For every input, convert it into word-count pairs, shard outputs by word. WordSplitter is a class that implements the map operation. Note how Map is called from the read object, connecting the map operation with the inputs read earlier.

PTable<WordCount> intermediate_table = read.Map<WordSplitter>("word_splitter", db);
intermediate_table.Write("word_interim", pb::WireFormat::TXT)
.WithModNSharding(FLAGS_num_shards,
[](const WordCount& wc) { return base::Fingerprint(wc.word); })
.AndCompress(pb::Output::ZSTD, FLAGS_compress_level);

At this point, it is guaranteed that all instances of a word-count pair for the same word will appear in the same shard. This means that if we sum counts all over a shard, for every shard, we will get only one word-count pair per word, thus getting the correct counts. WordCount is a class that implements the join operation.
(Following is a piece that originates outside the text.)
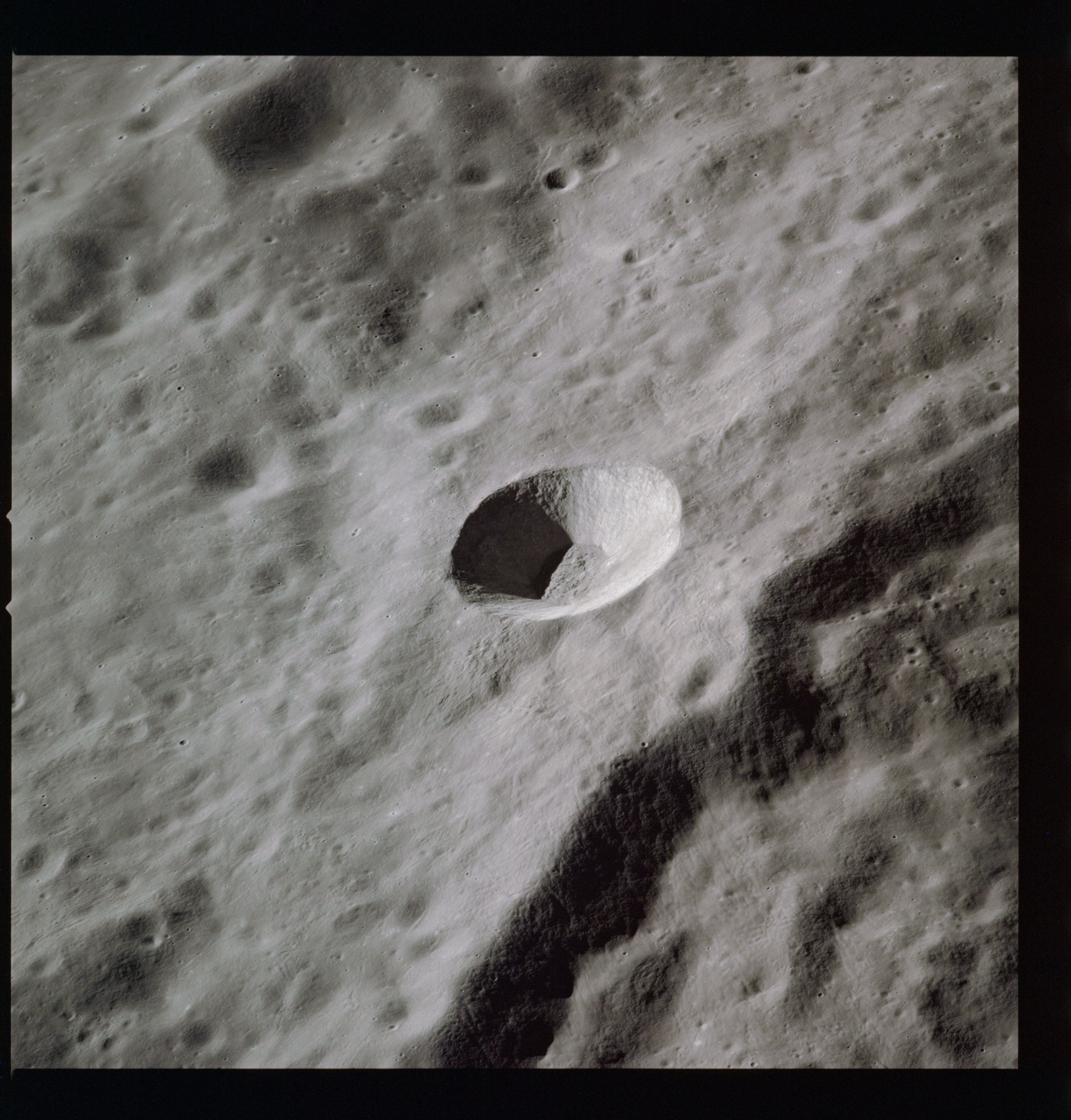 AS15-90-12281 - Mare Tranquillitatis. Crater Taruntius F is lower left of centre - Image by NASA/Johnson Space Center.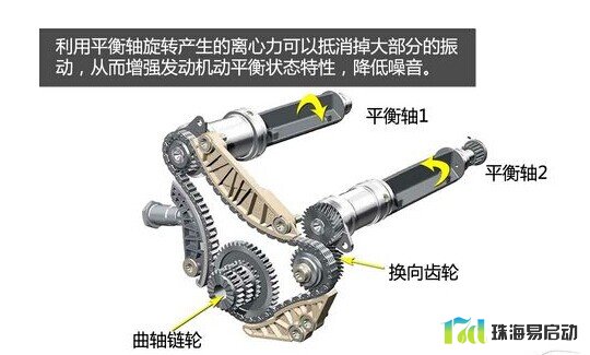 四缸发动机相对于V型发动机来说平顺性不好,因而在发动机内部都会设计有平衡轴用于抵消发动机内部振动。其原理是使用偏心轴旋转产生与发动机振动相反的振动从而实现消振的效果。

Note how Join accepts a list of bindings to mappers, this can be used to connect an arbitrary number of mappers to a single joiner.
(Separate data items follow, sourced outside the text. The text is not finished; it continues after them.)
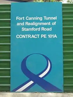 The FCT cuts under Fort Canning Park and an access road, Canning Rise.[3][4] The entrance to the tunnel is roughly located on the land housing the Old National Library Building,[4][5] at the junction of Stamford Road, Armenian Street and Queen Street. It brings traffic to Penang Road, providing direct access to the Orchard area.[3][5] The stretch of Stamford Road between Queen Street and Bencoolen Street will also be permanently realigned in front of the National Museum of Singapore after the FCT's construction.[3] The bedrock of the area was the so-called Fort Canning Boulder Bed, a stiff clay with huge embedded boulders.[6]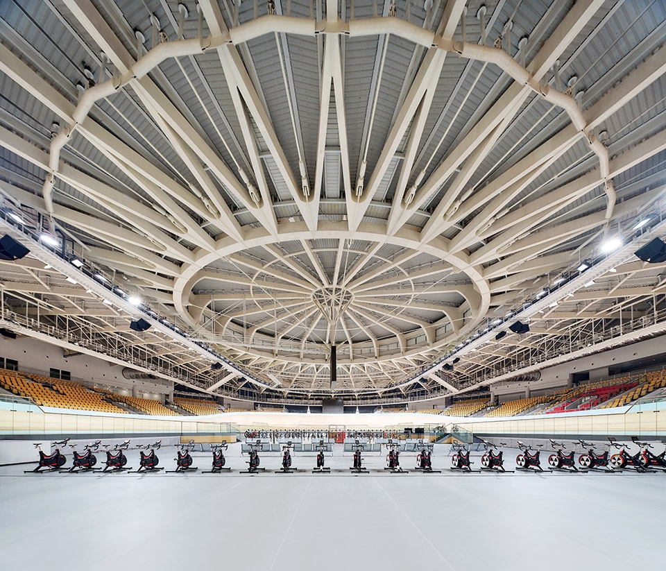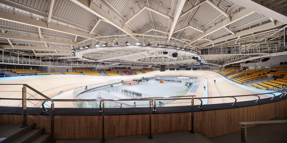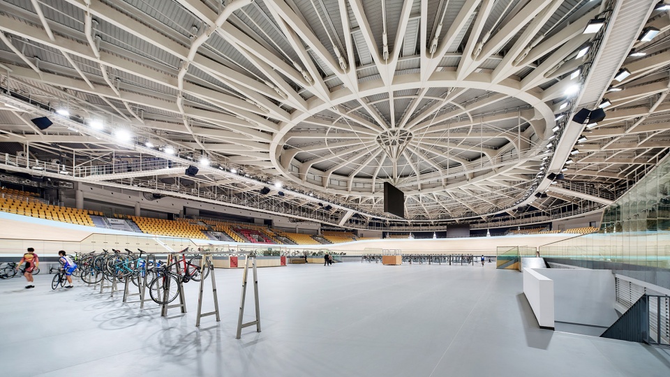 设计团队通过将“视点”从单一的起点线扩展为起点线、终点线、全直道三段重点视界,重新推导最佳座席标高,并优化过渡看台的升起节奏,使整体视线达成100%合格率。在弯道处,观众不但可完整观看冲刺,也能保持空间连贯性与结构整洁度。这一策略成为国内自行车馆设计中的一次新的视线建模实践。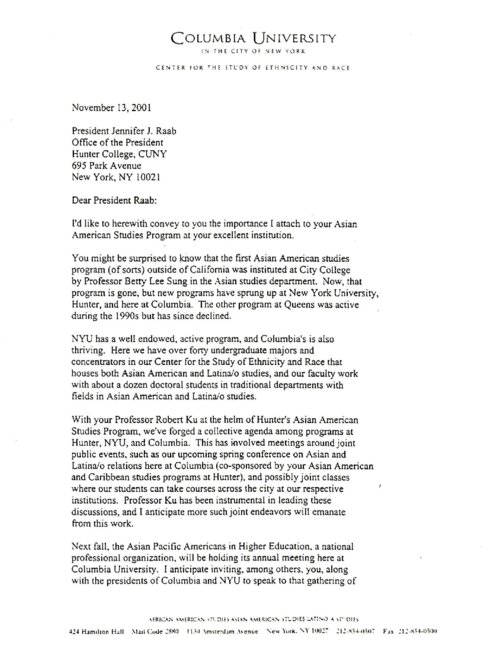 This is a letter written by Dr. Gary Okihiro, dated November 13, 2001, and addressed to Hunter College President Jennifer J. Raab. In the letter, Dr. Okihiro urges Raab to invest in Asian American studies faculty, including a stable director, "to continue to build on Hunter's pioneering position in Asian American studies." Dr. Gary Okihiro was the director of the Asian American Studies Program at Cornell University from 1992-1999, after which he was recruited to Columbia University to be the founding director of their Asian American Studies Program as well the founding director of the Center for the Study of Ethnicity and Race. He and Dr. Betty Lee Sung (City College/CUNY) have both received Lifetime Achievement Awards from the Association for Asian American Studies. His letter of support indicates the important role of the Hunter Asian American Studies Program in the vitality of the discipline at large. The Hunter College Asian American Studies Program (AASP) was established in 1993. As the only academic program in Asian American studies in the CUNY system, the AASP offers a minor in Asian American Studies and other resources and programming. The AASP supports scholars, artists, and activists advancing scholarship in the fields of Asian American studies and critical ethnic studies and serves as a resource for New York City's Asian American communities. In 2006, the program was at risk of being cut due to lack of funding. Students formed the Coalition for the Revitalization of Asian American Studies at Hunter (CRAASH) and saved the program within a year. CRAASH is now a student-run club that continues to advocate for the AASP.

PTable<WordCount> word_counts = pipeline->Join<WordGroupBy>(
"group_by", {intermediate_table.BindWith(&WordGroupBy::OnWordCount)});
word_counts.Write("wordcounts", pb::WireFormat::TXT)
.AndCompress(pb::Output::ZSTD, FLAGS_compress_level);

Run the pipeline.

LocalRunner* runner = pm.StartLocalRunner(FLAGS_dest_dir);
pipeline->Run(runner);

Let's take a look at how the mapper and the joiner are implemented. A mapper has a Do function that is called for every input (the first parameter). It also accepts a DoContext object which allows it to output data, and update counters (in this example, the matched counter) and frequency maps. A mapper can also have an OnShardFinish that is called once a mapper is done reading a shard. In the full version of word_count.cc, one can that when FLAGS_use_combine is on, WordSplitter uses internal state and a OnShardFinish to run some accumulation in memory before it outputs to disk, thus doing some of the joiner's job.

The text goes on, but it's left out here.